It’s my privilege to share the inspiring story of a friend of mine, Dee, who shares her journey with a mental illness. As a service provider of mental health, I am honored she is sharing her story. We need to understand the shame that goes with mental illness.
Thank you, Dee, for sharing your story.
I’ve been in the hospital. Again. And as much as I’ve preached the whole “bipolar is just a chemical imbalance, much like diabetes” gospel to others, I felt very much ashamed at having “come to this” once again.
Let’s be honest, psych ward hospitalization is far different experience from the average patient who finds him/herself in the hospital. There’s the stripping, for one. The stripping of earthly goods, shoes, purse, jewelry, belts, shoelaces, all potential means of self-harm are removed along with cellphones and any other electronic devices. Even the phone for patients’ use in the hallway had a scant 6 inch cord connecting the handset to the base. The assumption of harm to self or others is inescapable. Of course, there’s the literal stripping, the strip search in front of two nurses that ensures you’re not bringing contraband into the ward.
Then there are the emotional “strippings,” feelings of shame, guilt and worthlessness. I can honestly say I’ve never felt so vulnerable as the first night of being confined in a psych ward. Even the name “psych ward” presents a societal image of either buffoonery or horror. And this time my stay had the awful specter of ECT, electro convulsive therapy, or shock treatment, hovering menacingly over it.
I was terrified and ashamed and feeling guilty.
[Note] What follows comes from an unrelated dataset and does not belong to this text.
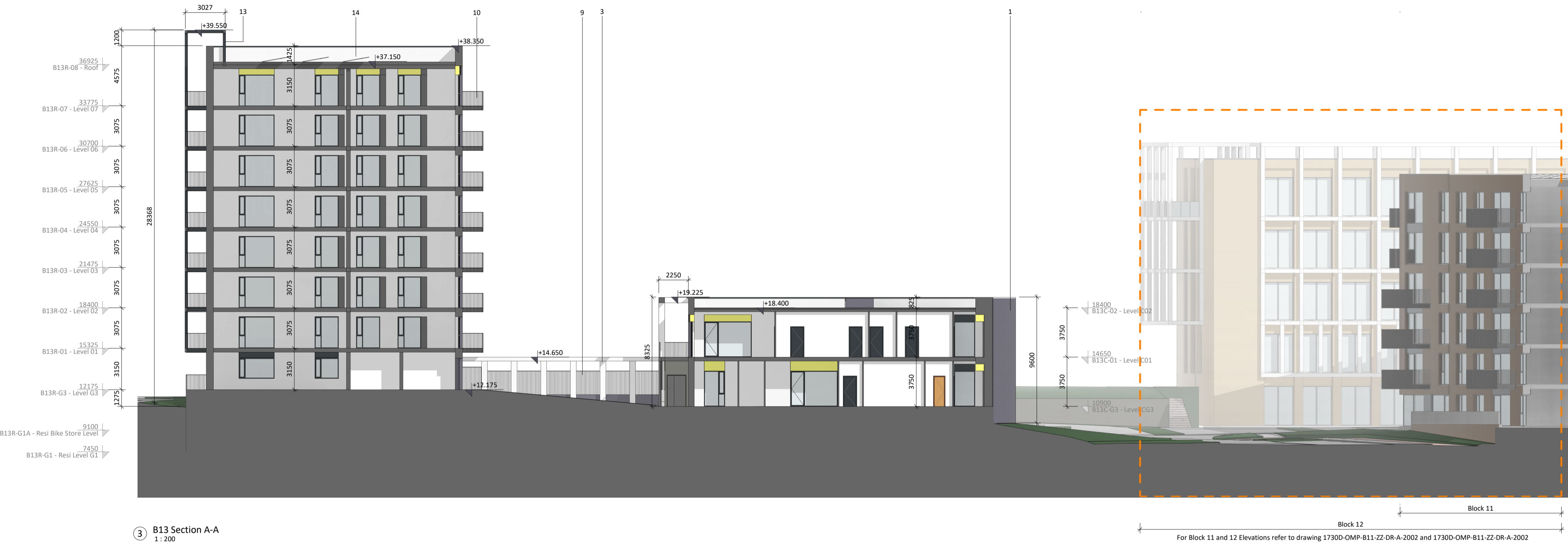
3 B13 Section A-A 1:200

I was terrified of what was wrong with me this time and what it might take to restore my balance.
I was ashamed that I hadn’t been able to “keep it together”again and
I felt guilty that I was burdening my family with the worry and fear of another hospitalization.
But these were only my earliest impressions of my most recent hospitalization. In the days that followed the intake, my meds were radically changed, high blood pressure was diagnosed and treated, and sleep, so elusive at home, returned. Coupled with the meds, there were regular opportunities for group therapy sessions, where we were educated further on our conditions and encouraged to express our feelings about them. Among the eleven or so patients who cycled into and out of the ward during my eight-day stay, three were homeless and eight had substance abuse issues along with their mental illness. Several were in trouble with the law and there was one young man who had no idea he was ill at all and couldn’t understand why he was there.
Suddenly I wasn’t feeling so bad about my own setback.
I had the full support of my family, daily phone calls and regular visits on the appointed days (Tuesdays and Thursdays). Most of my fellow patients had no visitors their entire time on the ward which I found appalling. I mentioned the groups we attended; they were (with the meds) the single most important part of my time in the hospital. When sharing my shame with a therapist named Jim, he led me to examine what exactly I was ashamed of.My family was fearful and worried for me because they love me, he pointed out gently. He also reminded me that I was worried and fearful for them, and none of them were in the hospital. Worrying, he explained, is what we do when we care.
With the shame gone, so was the guilt.
My illness is not my fault, it’s not of my choosing. What do I have to feel guilty about? The ward that felt so ominous at first by day three felt comforting, nurturing and safe. Thank God for the excellent program in place in this small rural county to treat mental illness sufferers. When the time came to go home, I felt some trepidation. Could I continue to be well at home without the intensive care I had received in the hospital?
And of course, I have been fine, because while my family may lack therapeutic knowledge, they are each experts in loving. All in all, this negative experience has yielded mostly positive results. My meds are better suited to my current needs, I’m back on track with my therapist and psychiatrist and my family has reaffirmed to me that not everything about me is flawed.
I must be doing something right to garner this much pure affection and I feel blessed.